Even if we don’t live in West Virginia, we can all see effects of human greed on the environment. We remove wetlands so that we can build homes close to the beach, and whole ecosystems disappear. Fertilizer runoff is killing fish and wildlife in south Florida. Monarch butterflies are no longer plentiful because we are destroying the milkweed that they need to live. We seem to think that regardless of what we do, creation will continue to putter along just fine the way it always has. And we’re wrong.

So where does that leave us? How do we move beyond these catastrophic predictions, dire warnings, and despair? Is there any good news here? There is, indeed! The good news is that God will never leave us in despair. In the midst of Jeremiah’s horrifying vision of creation’s destruction, one verse glimmers with a ray of hope: “Thus says the Lord: The whole land shall be desolate; yet I will not make a full end.” Much of the earth is indeed desolate today; but God has not given up on us! God continues to call men and women to heal and nurture the creation that God loves so much. Pope John Paul II once commented, “The earth will not continue to offer its harvest, except with faithful stewardship. We cannot say we love the land and then take steps to destroy it for use by future generations.”

Protestant and Roman Catholic churches alike need to take Pope John Paul II seriously. Can we Christians be like the flower that grows through a crack in the asphalt to bloom in the most barren of surroundings? Can we set an example to the rest of society? We can recycle paper, cans, and bottles. We can set a goal to decrease the amount of energy that our facility uses. We can continue to offer our recreation park for groups that want to experience creation first hand! Oh, we may not be doing big things like the Cincinnati Zoo; they’re trying to save entire animal species! But we can do small things; and lots of small things add up to big things!

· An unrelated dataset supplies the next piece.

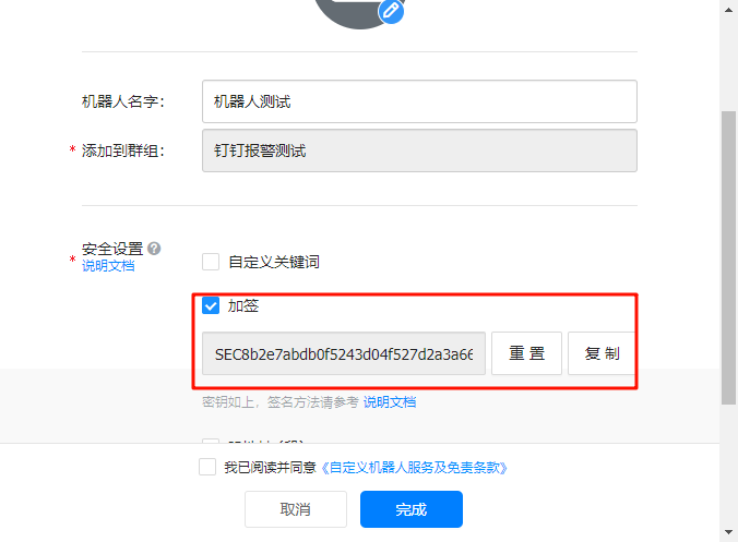 secret: SEC8b2e7abdb0f5243d04f527d2a3a66d7e53e1a66462936ef84c1aeb3978e96df5 #修改钉钉机器人的加签

Like the people of Jeremiah’s time, we have a choice to make. We can continue to follow the ruinous way that Evil State University has taught us; and friends, it has taught us well.  As long as we do, we will have a front-row seat in that dark movie theater, and we will watch horrors of our own making come to life right in front of our eyes. But there is another way: we can wise up. We can come to our senses and choose to do things God’s way and love creation as much as we love ourselves! If we do that, we will leave the darkness of the horror movie theater behind us, and walk joyfully into the light of God’s good creation.